Guys like Lebron, Hughes, Gaines and Joe Johnson are all skilled players who can kind of "get by" at the point especially at the HS or College level. But I think most fans can tell they aren't points. They don't really LIKE playing the point. Its a lot more work and hassle. Its something you have to love.

Trust me Gaines and Lebron would prefer not to play the point. You can see it in their games. These guys want to be freed up to score, rebound and create when passed too. With the point guard its almost the reverse of most other positions. Taller guys have to work HARDER especially with regards to ball handling. 

They don't want to fight against the press and be responsible for running the entire team. Its easy to see...much in the same way you could see poor Tony Delk just SUFFERING playing the point.
T-Buckets will admit it..he hates to play the point.

You think Lebron wants to chase around MBanks for a whole game? Heck no. Kevin Ollie will be doing most of the point work even if Lebron gets credit for being the "point guard"

Come on people..I know most of the people on this board play ball. Sure we like to dribble and pass to set up guys once we get up the floor. But how many people like bringing the ball up against a stifling press or some dogged defender? Not me..same deal with those pros.

Pete


----------



## The MAgiC

> The Magic have suffered badly from it ever since "Penny" was thought to be a great player by a few deluded magic fans.


You have absolutely got to be kidding me. Penny was the 2nd best gaurd behind MJ when he was in his prime on the Magic. That statement was just a rediculous attempt at dissing Magic fans by calling us "deluded".


----------



## KBrownFan

"You have absolutely got to be kidding me. Penny was the 2nd best gaurd behind MJ when he was in his prime on the Magic. That statement was just a rediculous attempt at dissing Magic fans by calling us "deluded"."
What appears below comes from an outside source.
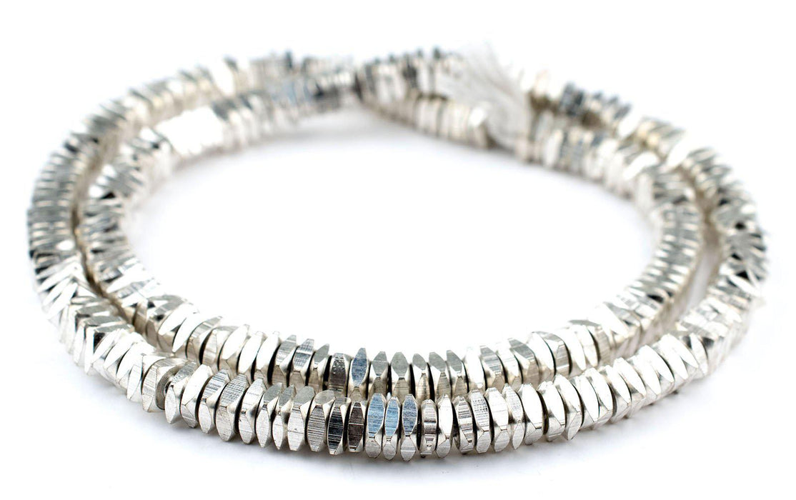 Take a look at this great strand of white metal beads fashioned in a faceted shape. Each strand is 25" inches long with approximately 125 beads measuring 2-3 x 7mm diameter. These great beads are highly versatile and may be used as spacers or accents in your unique designs. A great addition to your beading toolkit!

[strike]Damn..you magic fans never change!
Penny was the 2nd best point guard? LOL. That has to be one of the dumbest comments I have ever seen posted.

You do realize that both Stockton (HOF) and GP (HOF) guys were in the league and at the peak of their games. <g> Penny couldn't hold these guys jocks..

You dont need me to discredit you.
You have done that all by yourself. Wow.[/strike]

Pete

No insulting other posters or the fanbase of other teams. ---agoo


----------



## The MAgiC

I state the truth and nobody can do better than go off on me without proving me wrong. Typical. Was Stockton or Payton getting called the next MJ? No... I don't believe they were. BTW, where did I say the word *point* ?


----------



## KBrownFan

"I state the truth and nobody can do better than go off on me without proving me wrong. Typical. Was Stockton or Payton getting called the next MJ? No... I don't believe they were. BTW, where did I say the word point ?"

Who the heck cares what some TV announcers called the guy.
[strike]Obviously when your biased no amount of "proof" will suffice.[/strike]

He wasn't half the player Mitch Richmond was. Not to mention really good two guards like Drexler. Its called hype...guy rides Shaq's coatails to the playoffs and gets some underserved praise.
We see what kind of player he is...just average. When he went off on his own he sucked.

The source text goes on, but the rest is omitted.